Exercise: Return the full listing unchanged, apart from leaving out its images.

======== Data below

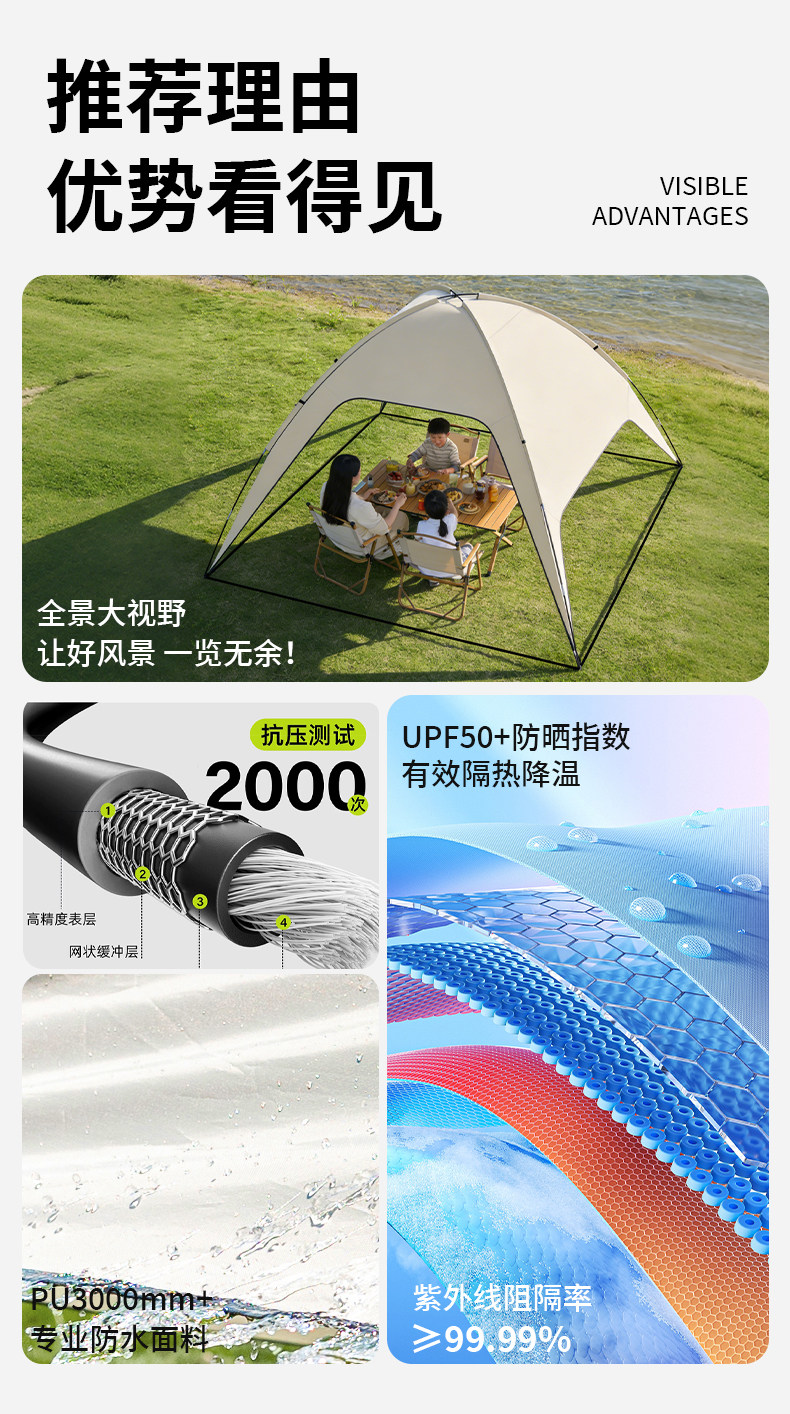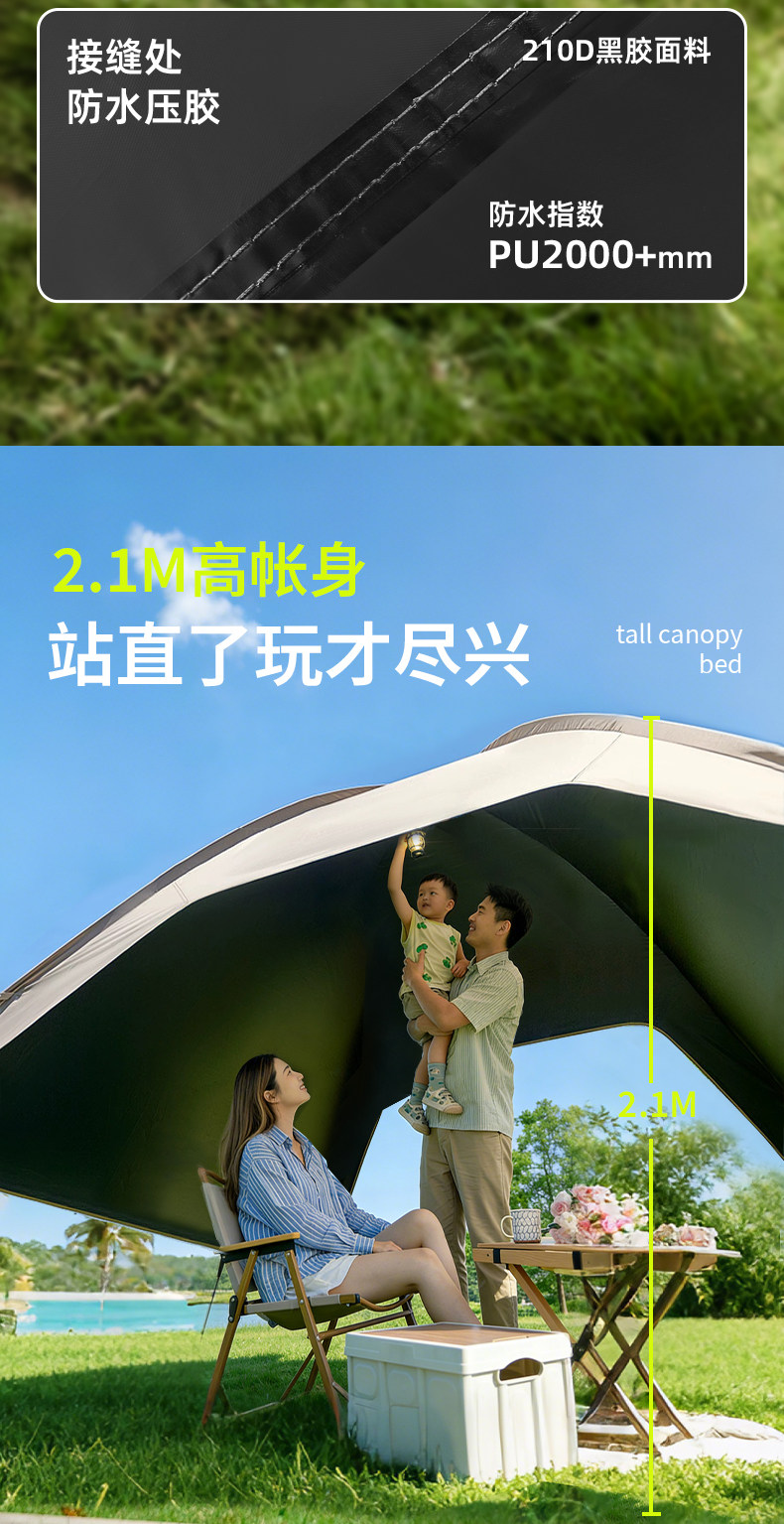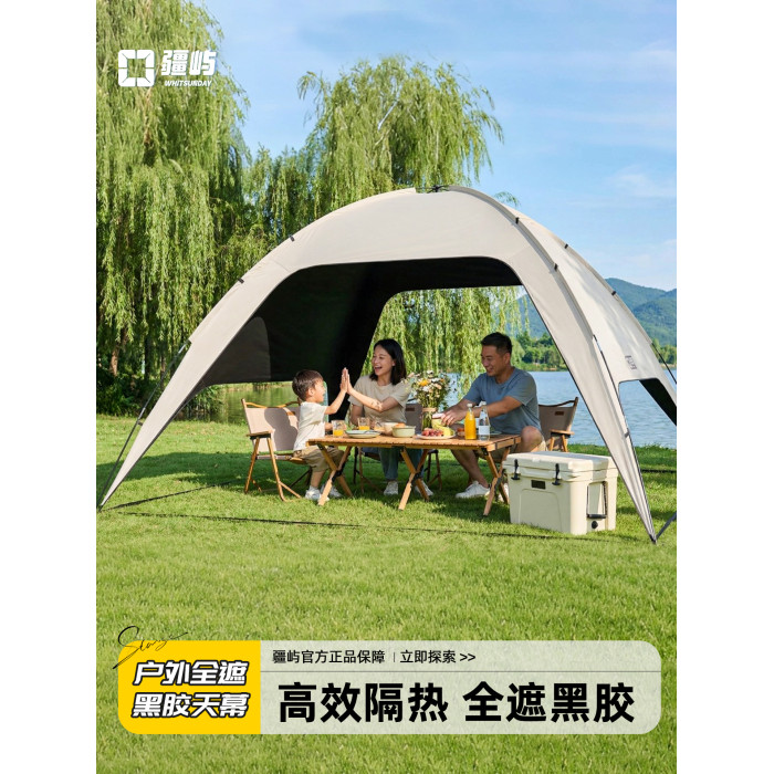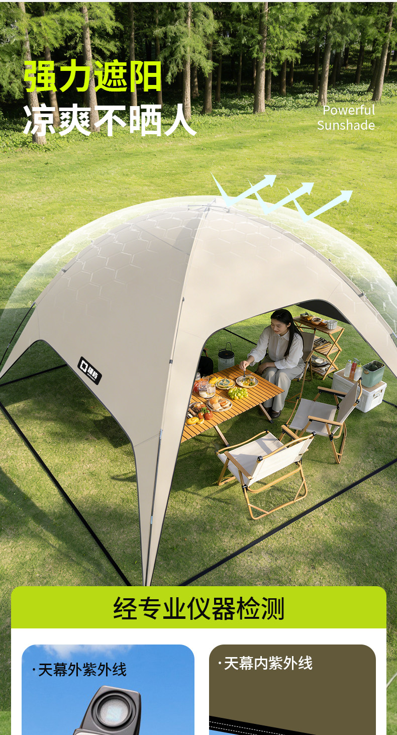 疆嶼戶外黑膠新型天幕帳篷露營速開穹頂防曬大遮陽棚野營大全套
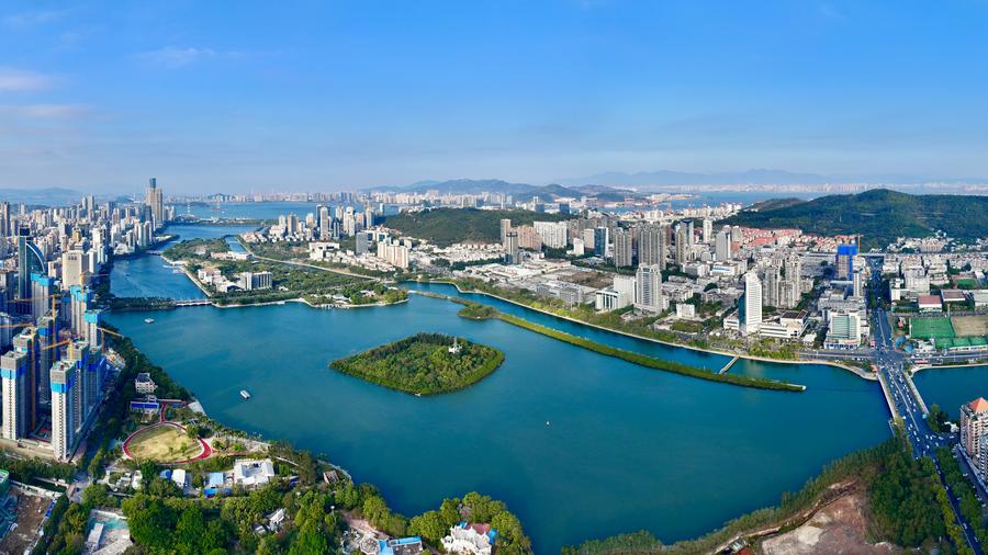 An aerial panoramic drone photo taken on Jan. 24, 2024 shows a view of Yundang Lake and its surroundings in Xiamen, southeast China's Fujian Province. (Xinhua/Jiang Kehong)
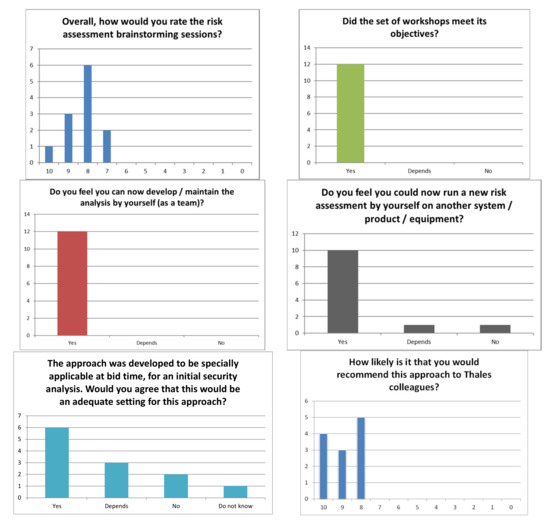 However, training on a predefined case study provides little variety in terms of business constraints and mixes educational concerns with efficiency concerns. So, in parallel to training, running risk assessments with the posters on many small Thales industrial projects (cf. middle part of Table 1) provided us with a much richer set of operational constraints. For example, some projects had a very rich set of already deployed security measures that needed to be accounted for. Some projects had detailed architecture schemas readily available, while other projects related to futuristic ideas, with a completely undefined or speculative architecture. Some projects could be handled with two persons during the brainstorming sessions, while other projects required up to twelve persons to provide a good domain knowledge coverage. However, all these projects had a common point: participants of these use cases had never run a risk assessment before. In less than two days (i.e., 5 to 7 two-hour workshops), the objective was to effectively run the risk assessment and bring the participants to a sufficient level of cybersecurity maturity to allow them to be independent. Each project proved to be an opportunity to fine-tune the posters to the project’s operational constraints. Data were essentially collected through observation. Nonetheless, after some sessions, explicit surveys were also run, with the following 10 questions:

================

Solved exercise:
 疆嶼戶外黑膠新型天幕帳篷露營速開穹頂防曬大遮陽棚野營大全套
 An aerial panoramic drone photo taken on Jan. 24, 2024 shows a view of Yundang Lake and its surroundings in Xiamen, southeast China's Fujian Province. (Xinhua/Jiang Kehong)
 However, training on a predefined case study provides little variety in terms of business constraints and mixes educational concerns with efficiency concerns. So, in parallel to training, running risk assessments with the posters on many small Thales industrial projects (cf. middle part of Table 1) provided us with a much richer set of operational constraints. For example, some projects had a very rich set of already deployed security measures that needed to be accounted for. Some projects had detailed architecture schemas readily available, while other projects related to futuristic ideas, with a completely undefined or speculative architecture. Some projects could be handled with two persons during the brainstorming sessions, while other projects required up to twelve persons to provide a good domain knowledge coverage. However, all these projects had a common point: participants of these use cases had never run a risk assessment before. In less than two days (i.e., 5 to 7 two-hour workshops), the objective was to effectively run the risk assessment and bring the participants to a sufficient level of cybersecurity maturity to allow them to be independent. Each project proved to be an opportunity to fine-tune the posters to the project’s operational constraints. Data were essentially collected through observation. Nonetheless, after some sessions, explicit surveys were also run, with the following 10 questions:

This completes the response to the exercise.